Chefarzt Institut für Labormedizin (IFLM), Solothurner Spitäler AG, Kantonsspital Olten, Baslerstrasse 150, 4601, Olten, Switzerland.
Curr Rheumatol Rep. 2010 Feb;12(1):58-63. doi: 10.1007/s11926-009-0079-0.
The antiphospholipid syndrome (APS) is an autoimmune disease characterized by thrombosis, recurrent fetal loss, and the presence of antiphospholipid antibodies (aPL). Recent data support the idea that the thrombotic activity in APS patients is attributed to enhanced cytokine release via activation of certain Toll-like receptors. To investigate these mechanisms more precisely, different experimental approaches were used to investigate this connection in detail. IgG fractions and/or monoclonal aPL, either generated from murine or human B cells were intensely used for stimulation experiments of monocytes, endothelial cells, or dendritic cells. All these stimuli induced an enhanced expression and secretion of cytokines, especially tumor necrosis factor (TNF)-alpha, caused by specific regulation or activation of Toll-like receptors. Using specific agonists or inhibitors could confirm the causal connection of these stimulatory effects. This review focuses on these recent developments, connecting the binding of aPL with the activity of Toll-like receptors, especially in monocytes, endothelial cells, and dendritic cells.

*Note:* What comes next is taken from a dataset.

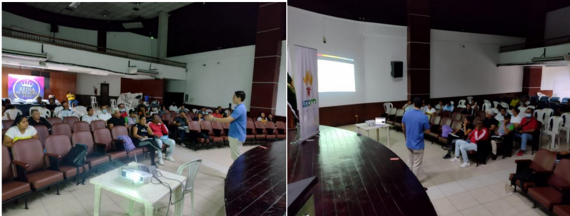
Imagen Nro. 28

抗磷脂综合征(APS)是一种自身免疫性疾病,其特征是血栓形成、复发性胎儿丢失和抗磷脂抗体(aPL)的存在。最近的数据支持这样一种观点,即 APS 患者的血栓形成活性归因于通过激活某些 Toll 样受体导致细胞因子释放增加。为了更精确地研究这些机制,使用了不同的实验方法来详细研究这种联系。IgG 片段和/或单克隆 aPL,无论是从鼠源还是人源 B 细胞产生的,都被强烈用于刺激单核细胞、内皮细胞或树突状细胞的实验。所有这些刺激物通过 Toll 样受体的特异性调节或激活诱导细胞因子(尤其是肿瘤坏死因子(TNF)-α)的表达和分泌增加。使用特异性激动剂或抑制剂可以证实这些刺激作用的因果关系。这篇综述重点介绍了这些最新的发展,将 aPL 的结合与 Toll 样受体的活性联系起来,特别是在单核细胞、内皮细胞和树突状细胞中。